Exercise description: Starting at the line below that contains "Morning coffee in" and ending at the line that contains "One Ladies Pre", retype each line exactly as it stands, but omit the pictures.

Material for this exercise:
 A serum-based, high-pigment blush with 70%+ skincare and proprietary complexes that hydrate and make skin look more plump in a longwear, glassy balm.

--

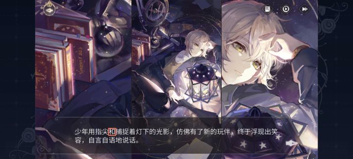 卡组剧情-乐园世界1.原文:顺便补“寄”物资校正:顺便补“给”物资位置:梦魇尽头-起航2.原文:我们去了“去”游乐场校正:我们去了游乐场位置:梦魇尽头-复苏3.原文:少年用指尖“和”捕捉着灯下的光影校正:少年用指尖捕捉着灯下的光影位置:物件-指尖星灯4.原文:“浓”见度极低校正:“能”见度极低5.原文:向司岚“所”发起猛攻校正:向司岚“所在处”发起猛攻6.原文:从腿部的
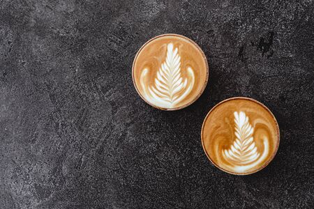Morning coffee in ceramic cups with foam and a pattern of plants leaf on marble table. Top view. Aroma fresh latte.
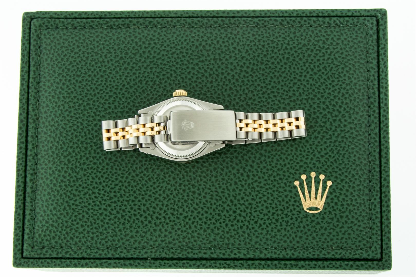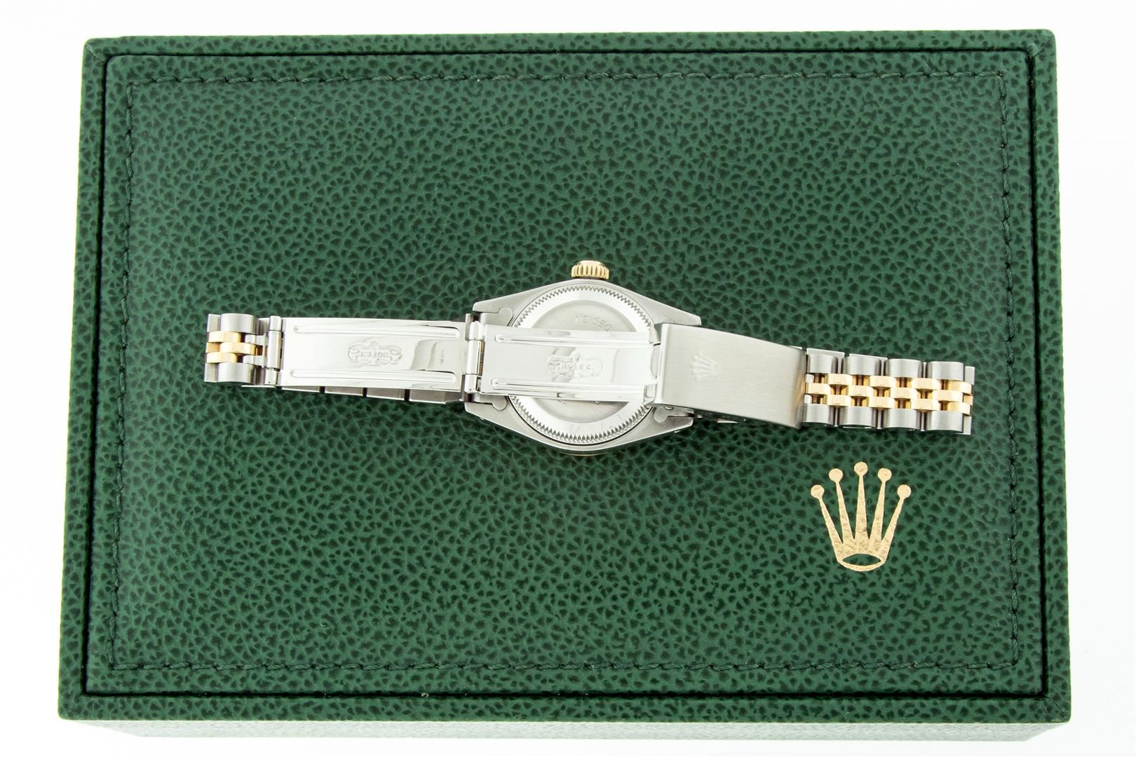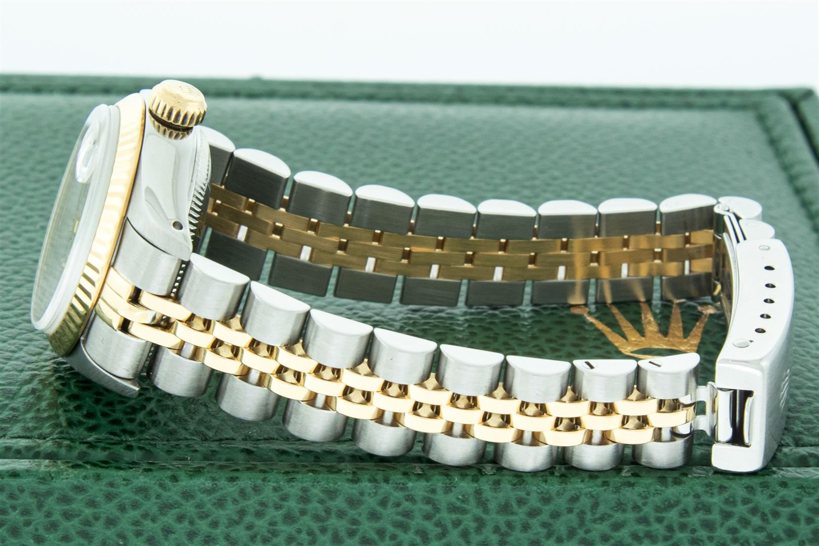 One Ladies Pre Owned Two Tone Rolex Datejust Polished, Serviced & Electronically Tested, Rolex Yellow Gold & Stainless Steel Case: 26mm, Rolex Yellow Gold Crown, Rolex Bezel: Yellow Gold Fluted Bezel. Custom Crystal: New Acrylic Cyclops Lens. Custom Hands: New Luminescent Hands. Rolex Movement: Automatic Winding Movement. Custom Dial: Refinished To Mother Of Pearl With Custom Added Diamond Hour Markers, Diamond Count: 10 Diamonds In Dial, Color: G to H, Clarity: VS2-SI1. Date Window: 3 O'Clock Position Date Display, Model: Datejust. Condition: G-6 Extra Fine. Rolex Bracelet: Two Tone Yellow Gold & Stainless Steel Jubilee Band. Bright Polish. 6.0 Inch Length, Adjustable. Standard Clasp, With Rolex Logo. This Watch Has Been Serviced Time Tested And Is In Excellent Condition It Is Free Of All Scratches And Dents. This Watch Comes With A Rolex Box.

Answer below:
Morning coffee in ceramic cups with foam and a pattern of plants leaf on marble table. Top view. Aroma fresh latte.
 One Ladies Pre Owned Two Tone Rolex Datejust Polished, Serviced & Electronically Tested, Rolex Yellow Gold & Stainless Steel Case: 26mm, Rolex Yellow Gold Crown, Rolex Bezel: Yellow Gold Fluted Bezel. Custom Crystal: New Acrylic Cyclops Lens. Custom Hands: New Luminescent Hands. Rolex Movement: Automatic Winding Movement. Custom Dial: Refinished To Mother Of Pearl With Custom Added Diamond Hour Markers, Diamond Count: 10 Diamonds In Dial, Color: G to H, Clarity: VS2-SI1. Date Window: 3 O'Clock Position Date Display, Model: Datejust. Condition: G-6 Extra Fine. Rolex Bracelet: Two Tone Yellow Gold & Stainless Steel Jubilee Band. Bright Polish. 6.0 Inch Length, Adjustable. Standard Clasp, With Rolex Logo. This Watch Has Been Serviced Time Tested And Is In Excellent Condition It Is Free Of All Scratches And Dents. This Watch Comes With A Rolex Box.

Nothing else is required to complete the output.